Mohon tunggu...
Natkha
Natkha Mohon Tunggu... Penerjemah. Penulis -

Belajar tidak pernah mengenal usia. Menulis, menerjemahkan, menyanyi, bermain musik - semua sedang dalam tahap belajar. Seperti kata seorang teman: tak ada kata terlambat untuk memulai sesuatu. Carpe Diem. Seize Your Day.

Selanjutnya

Tutup

Humaniora Pilihan

Menghadapi Anak yang Berduka

22 Januari 2017   18:01 Diperbarui: 6 Maret 2018   11:19 614
+
Laporkan Konten
Laporkan Akun
Kompasiana adalah platform blog. Konten ini menjadi tanggung jawab bloger dan tidak mewakili pandangan redaksi Kompas.
Lihat foto
sumber foto:parents.com/kids/development/behavioral/helping-kids-cope-grief/

Kematian orangtua adalah hal yang pada umumnya ditakuti oleh anak - terutama oleh anak yang masih kecil atau usia sekolah. Pernahkah Anda datang ke tempat kedukaan dimana ada anak yang masih usia sekolah di sana yang sedang berduka? Apa reaksinya? Bagaimana Anda menghadapinya? Mungkin dia akan menghampiri kita dan bertanya: Siapa yang menjagaku sekarang? Ke mana Mama pergi? Apakah dia akan kembali lagi? Apakah aku bisa bertemu Mama lagi? Apa yang harus aku lakukan sekarang? 

Bijaklah menjawab pertanyaan mereka. Jangan asal menjawab dengan tujuan mereka tidak bertanya lagi. Ingat, hatinya sedang terluka. Dia sedang berduka. Dia sedang mencari jawaban.

Berikut ini beberapa hal yang harus kita pertimbangkan saat menghadapi situasi ini. Jangan lupa, jelaskan sesuai dengan usia anak tersebut. 

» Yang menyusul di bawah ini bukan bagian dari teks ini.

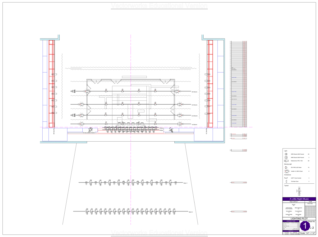 Rather than just creating a design for a random show, for lighting design class we had the chance to work with the Nederland’s Reisopera. Each student was tasked with creating a design for A Little Night Music using the inventory of the Reisopera. When designing in the Wilminktheater (the Reisopera’s home theater) I came across something completely new to me – a moving portal bridge. Having a permanent piece of masking with a permanent place for lights was a new design opportunity. Another consideration that we had to deal with was focus time because of the Reisopera tours with all of their shows. Along with these considerations, I have never seen the theater in person so I learned how to choose where to place lights without access to the theater.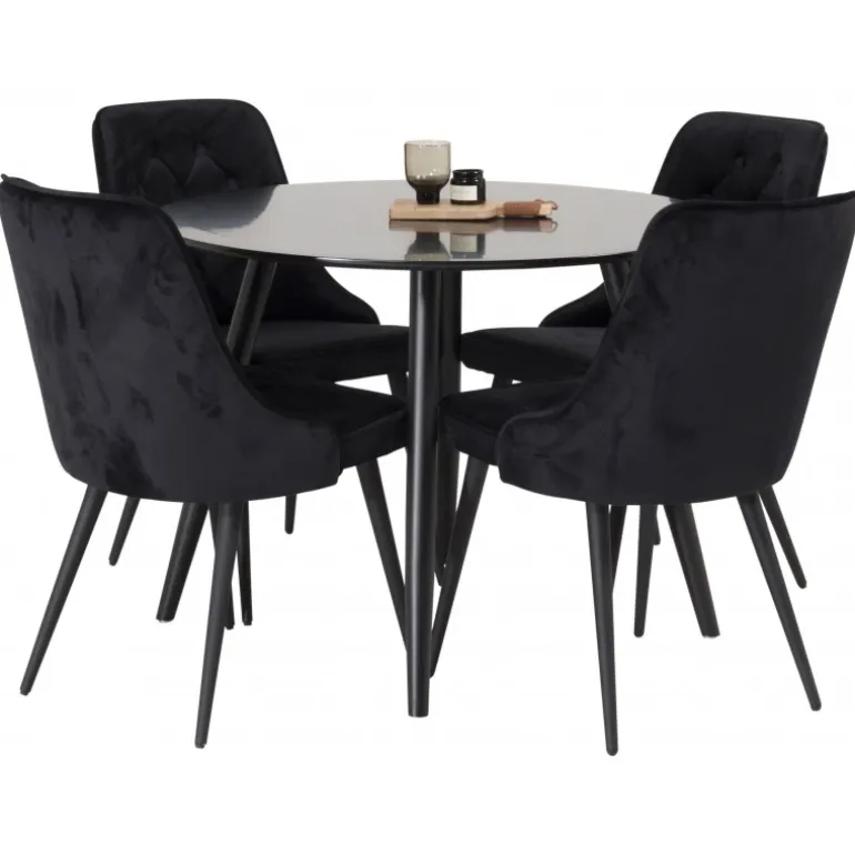 Køb Spisebordssæt Plaza med Velvet Deluxe stole i dag og forvandl dit spiseområde til et stilfuldt og komfortabelt sted!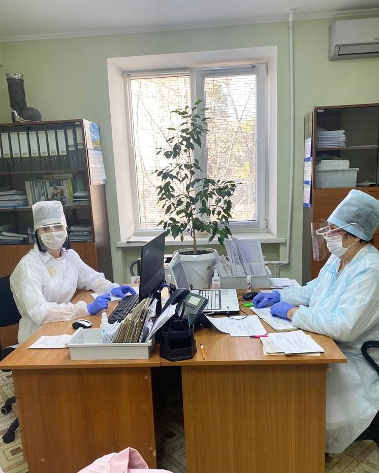 Что касается мер эпидбезопасности, сейчас они жесткие как никогда. Этот вопрос находится на особом контроле у руководства и лично главного врача диспансера Суховой Любови Петровной, которая личным примером показывает, как нужно использовать средства индивидуальной защиты.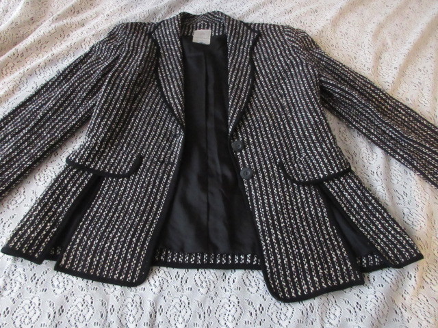> U)■日本製■【パリエンヌ PARIENNE】AN アン■黒白ツイード毛84%■ソフトテーラー襟/前2本スリットデザイン!■スタイリッシュなJK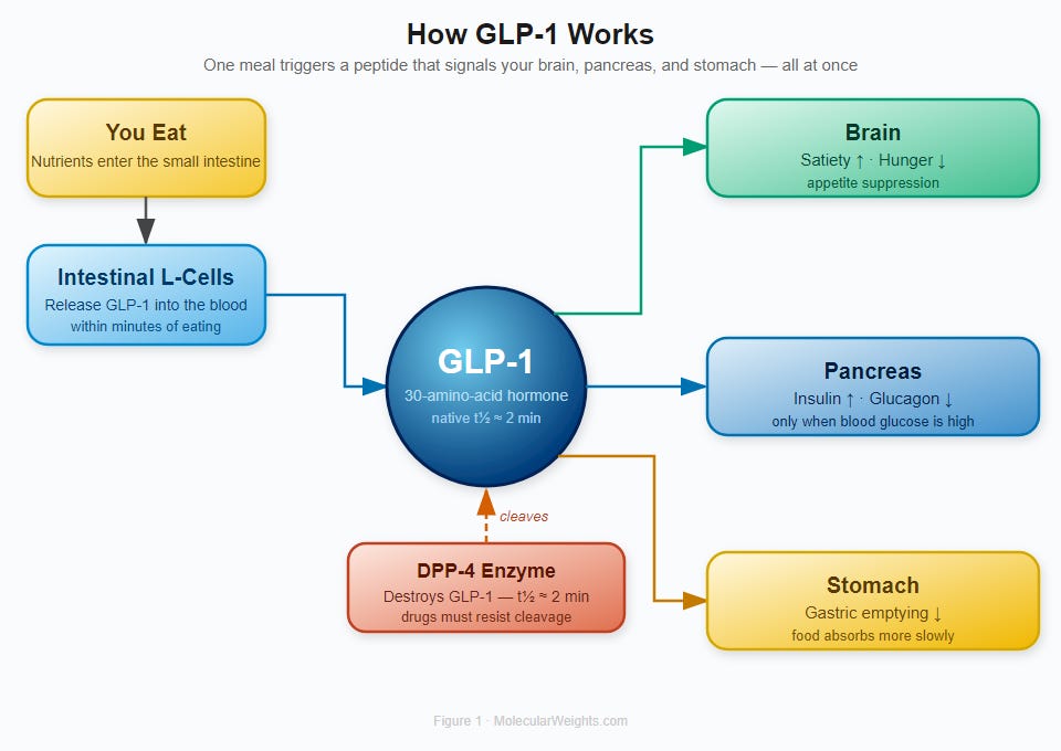 Figure 1. GLP-1 Signaling Cascade. After a meal, nutrients in the small intestine trigger L-cells to release GLP-1 into the bloodstream. The hormone acts simultaneously on the brain (satiety), pancreas (insulin release, glucagon suppression), and stomach (slowed emptying). DPP-4 enzyme cleaves GLP-1 with a half-life of approximately 2 minutes, which is why early drug development focused on DPP-4 inhibitors and on engineering longer-lived GLP-1 analogs.

  • Katakan yang sebenarnya, bahwa orangtuanya meninggal dunia dan tidak akan kembali lagi. Katakan bahwa sekarang almarhum telah kembali kepada Tuhan. Dia tidak akan kembali ke sini, kitalah yang akan pergi kepada Tuhan. Jangan sekali-sekali berbohong dengan berkata bahwa Mama akan kembali dalam mimpi. Anak yang berduka akan merasa tak adil dan sakit hati karena dia pasti ingin Mama kembali dalam wujud fisik, bukan dalam mimpi.
  • Ijinkan dia bersedih untuk sementara waktu. Jangan sarankan untuk melupakan. Wajar, kalau mereka masih sedih dan rindu ketika baru saja kehilangan. Bersabarlah. Bahkan orang dewasa pun seringkali butuh waktu yang lama untuk tidak lagi bersedih atas kematian pasangannya. 
  • Bantu anak untuk mengenang orangtuanya dengan cara yang sehat. Tanyakan apa yang dia suka dari almarhum: apa kebiasaannya yang melekat di pikiran anak; apa yang sering dilakukan, dikatakan; apa warna atau benda kesayangannya. Bantu dia mengenangnya. Boleh membuat surat cinta kepada sang Mama atau Papa, untuk mengekspresikan perasaannya. 
  • Ceritakan juga perasaan kita padanya bahwa kita pun kehilangan, rindu, sedih. Dengan begitu, dia tahu bahwa apa yang dirasakannya itu normal. Kadang-kadang, orang dewasa terlalu cepat menunjukkan bahwa mereka telah pulih. Ini membuat anak merasa bersalah karena ia sendiri masih sedih. 
  • Anak menghadapi kematian dengan cara yang berbeda-beda. Ada yang banyak bertanya. Ada yang diam saja. Ada yang terus menerus menangis. Jangan marahi. Hadapi dengan lembut dan peluk mereka. Coba jawab pertanyaan mereka dengan sabar. 
  • Kemana dia bisa mengadu setelah orangtuanya meninggal? Tentu, yang pertama-tama kepada Tuhan. Dekatkan anak kepada Tuhan karena pada akhirnya memang hanya Tuhanlah yang tetap ada bagi dia. Kita juga suatu saat akan meninggalkannya. Yang kedua, jika masih ada, kepada orangtuanya yang masih hidup. Yang ketiga, kepada sanak saudara. Jika kebetulan kita adalah sanak saudaranya, katakan bahwa dia bisa menghubungi kita kalau dia perlu. Tepati janji Anda.
  • Kremasi atau pemakaman? Jelaskan apa yang akan terjadi pada jenasah orangtuanya. Jelaskan juga apa yang sebenarnya terjadi terhadap jiwa sang orangtua menurut agama yang bersangkutan. 
  • Bantu anak untuk pulih dengan cara yang benar, bukan dengan paksaan "jangan ingat-ingat Mama lagi, dia sudah meninggal. Kamu harus sekolah dan bantu Papa, ya." Percayalah, dia akan tetap tumbuh besar dan pada waktunya akan bisa membantu orangtuanya. Tapi jangan paksa dia melakukannya sekarang, saat hatinya sedang sedih karena kehilangan orangtuanya. 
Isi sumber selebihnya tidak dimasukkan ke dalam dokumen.